“THE region is getting covered," says the founder of the Teesside Cannabis Club (TCC).

"It’s just a matter of time, from the Angel of the North to Middlesbrough police station.

“We’re not going to back down and we’re not just one voice, we’re hundreds, thousands of voices from all different walks of life – there is no stereotype.

“We want to take cannabis from the top and the bottom, from the dealers who make our streets a nightmare to the pharmaceutical companies working with the government to hold sick people to ransom.”

The campaigner is speaking exclusively to The Northern Echo in a bid to highlight an illegal plot to establish wild cannabis grows at public sites around the North-East.

The Teesside father-of-three founded the organisation following the death of his father from cancer.

His father’s painful struggle and his own battle to control a crippling stomach condition inspired his work to promote the benefits of medicinal cannabis and he is now committed to campaigning for the legalisation and regulation of the class B drug.

His own GP recommended he turn to cannabis after a serious stomach complaint left him taking seven types of prescription drugs a day.

A mild strain of the cannabis taken once a day – enough to ease symptoms but not enough to provide a “head high” – has now replaced a once spiralling reliance on the cocktail of prescription drugs.

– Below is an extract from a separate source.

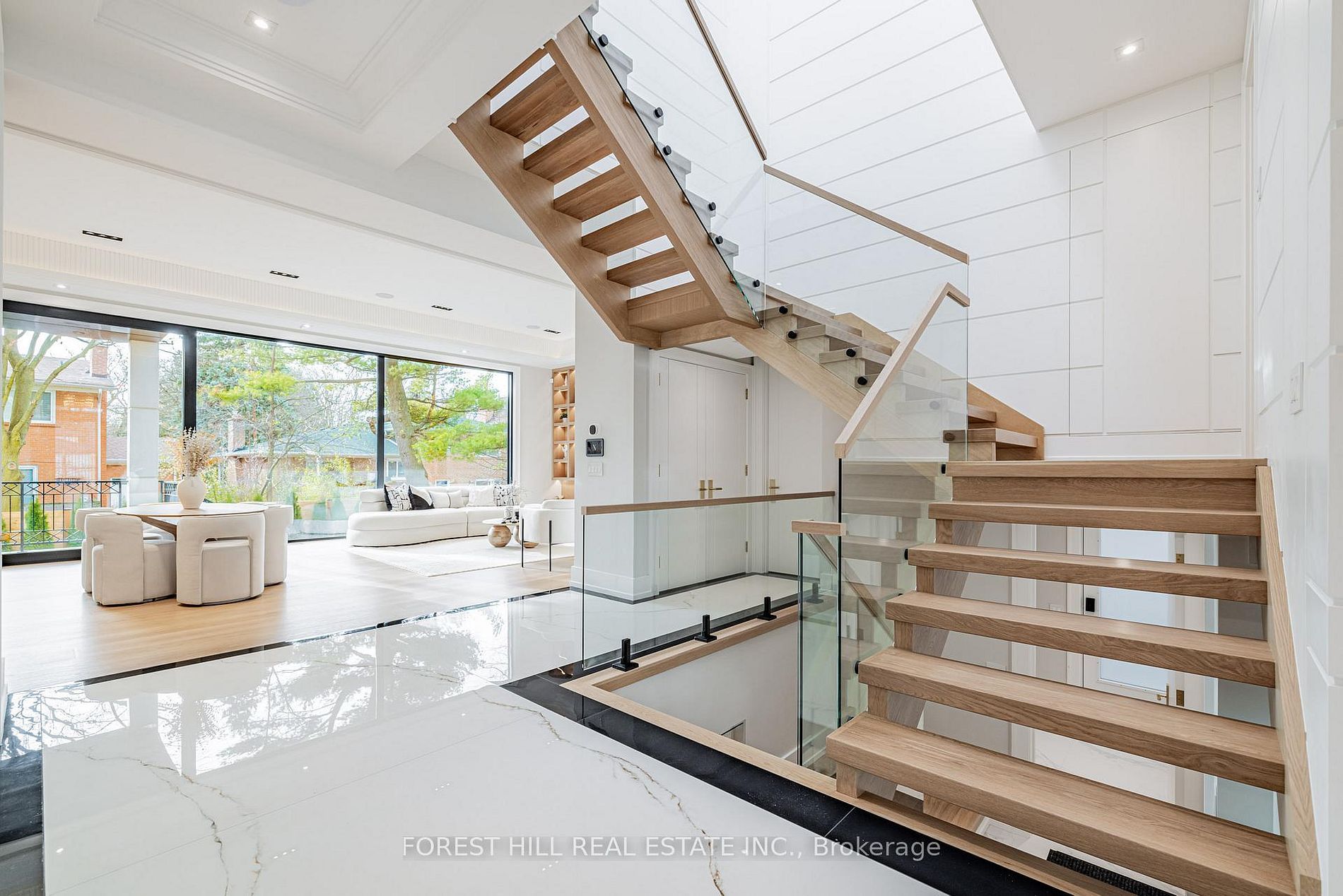 **spectacular**this luxurious/stunning c/b 5+bedrms-8washrms residence blends contemporary elegance w/modern luxury, offering an exceptional living experience in a fabulous, and one of the most affluent neighbourhood of toronto. This residence is a true masterpiece, seamlessly blending striking design with opulent interiors that reflect and harmonize luxury and functionality. Every detail is crafted to captivate the sense of sophistication & comfort and style, offering total of approx 6500 sq. Ft living spaces including a lower level-, providing abundant natural light and airy-happy atmosphere. The main floor welcomes you with a grand entry featuring intricate flooring and accent wall, soaring ceilings draw your eye upward. A refined formal living & dining space boast a 11'8" tray ceilings with rope lightings, and floor to ceiling windows, and a cozy gas fireplace, elegant built-in cabinetry, ideal for entertaining. The dream eat-in kitchen offers exquisite marble countertop and backsplash, top-of-the-line appliances(subzero & wolf brand), and a spacious breakfast area ideal for large family meals. Step outside into an oversized terrace with roof - perfect for summer or all seasons entertaining. Seamlessly flowing, the sun-filled family room with a gas fireplace and south exposure welcomes endless natural sunlight, perfect place to relax or gather. The thoughtfully designed upper flr features a practical layout, the home versatility for a senior suite with an own ensuite and closet or an ideal work-from-hm office retreat. Upstairs, the primary suite is a true sanctuary, featuring a sitting area, a spa-inspired 6-pieces heated flr ensuite with exquisite detail, and a large his/hers generous walk-in closets. The additional spacious bedrms have own ensuite, ideal for privacy and comfort. The heated bsmt flr offers endless possibilities, versatility for an extended your family's living space, including an extra large recreation rm, a hm gym, and an additional bedrm!!!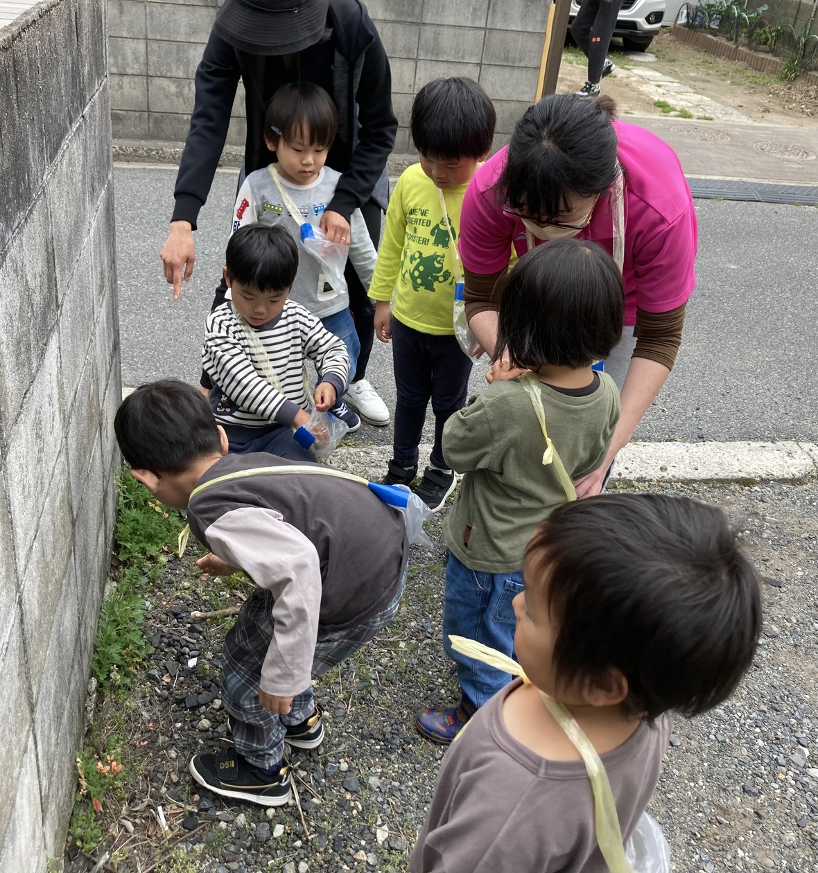 2023年04月14日(金) スタッフブログ 春見つけのお散歩に行ったよ! 今日は春の草花を見つけにお散歩に出かけました。 1人ずつお散歩バックを肩にかけ、意気揚々と歩きます。 『あっ、タンポポのわたげ!』『この草、なに?』の声。 お散歩バックに摘んだ草花を嬉しそうに入れる姿が とてもかわいらしかったです♪

He believes it would have also helped his father deal with the pain of terminal lung cancer.

“When you’re caring for a relative with cancer you see what drugs and chemo are doing to them.

“I researched everything I could to try and help him with the pain but after he died I had nothing left to put my knowledge into.

“My way of helping others in my dad’s memory is to make as many people as possible aware of the health benefits of cannabis.”

Together with a disabled man in his 40s and a professional woman of 50, he set up the Teesside Cannabis Club (TCC) which works in conjunction with the lobbying organisation UKCSC (UK Cannabis Social Clubs) to promote the benefits of the plant.

And he is encouraging hundreds of members to support the Feed the Birds movement by setting up wild cannabis grows.

“We don’t condone dealing or selling drugs," he says. "We want people to be able to grow their own without being criminalised and we want it regulated.

“I’ve got 36 convictions for possession of cannabis, I’ve had to deal with drug dealers and I shouldn’t have had to go down this route at all.

“We’re speaking out to say we’re here in the North-East and we’re not going away until the law changes – this is not London, it’s not Manchester but it’s a big place and we can make a difference from here.”